* [THE PROBLEM]: The output is a word-for-word repeat of the listing below, free of images.

* [DATA BELOW]:
* * *
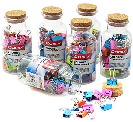 • Comix Binder Clips, Smile Pattern,Paper Clips for Office/School/Home/Store,#4 & #5 Size, 6 Pack, 216pcs, Assorted (B3697)
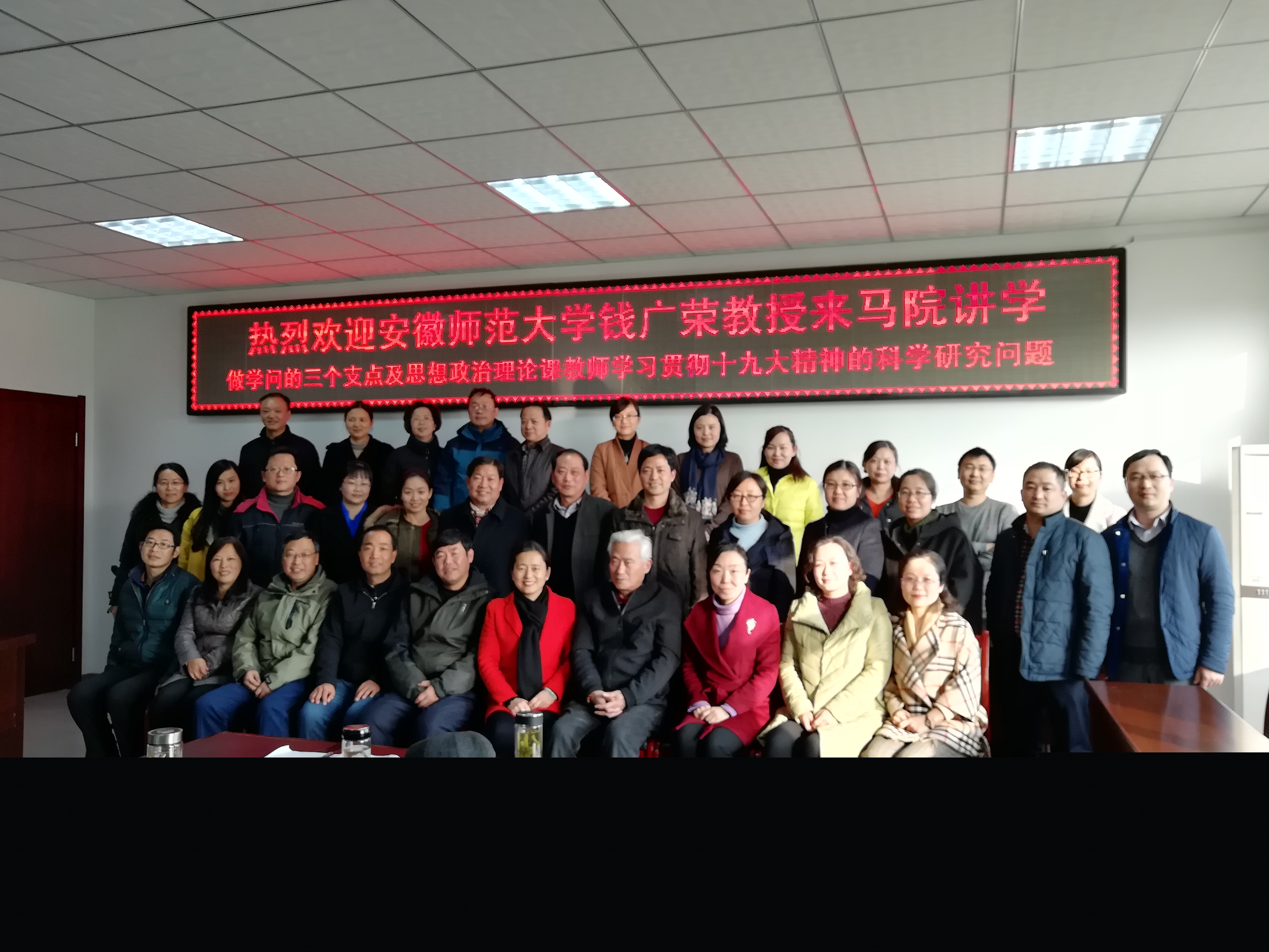 2017年12月6日下午,安徽師范大學錢廣榮教授應邀到合肥學院馬克思主義學院講學,錢教授以《做學問的三個支點和思想政治理論課教師學習貫徹十九大精神的科學研究問題》為題作學術報告。馬克思主義學院胡艷萍院長主持,全體思政課專兼任教師到場聆聽,報告在馬克思主義學院會議室舉行。
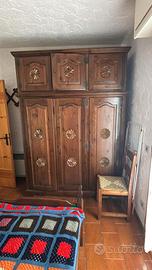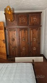 Vendo Camera da Letto stile Montagna in Legno di Noce inclusiva di Letto (L=175 x P=210 cm) con Rete e Materasso, Armadio 3 Ante (L=170 x P=60 x H=235 cm) e 2 Comodini (L=45 x P=35 x H=65 cm).
* * *
* [REPLY TO THE TASK]:
 • Comix Binder Clips, Smile Pattern,Paper Clips for Office/School/Home/Store,#4 & #5 Size, 6 Pack, 216pcs, Assorted (B3697)
 2017年12月6日下午,安徽師范大學錢廣榮教授應邀到合肥學院馬克思主義學院講學,錢教授以《做學問的三個支點和思想政治理論課教師學習貫徹十九大精神的科學研究問題》為題作學術報告。馬克思主義學院胡艷萍院長主持,全體思政課專兼任教師到場聆聽,報告在馬克思主義學院會議室舉行。
 Vendo Camera da Letto stile Montagna in Legno di Noce inclusiva di Letto (L=175 x P=210 cm) con Rete e Materasso, Armadio 3 Ante (L=170 x P=60 x H=235 cm) e 2 Comodini (L=45 x P=35 x H=65 cm).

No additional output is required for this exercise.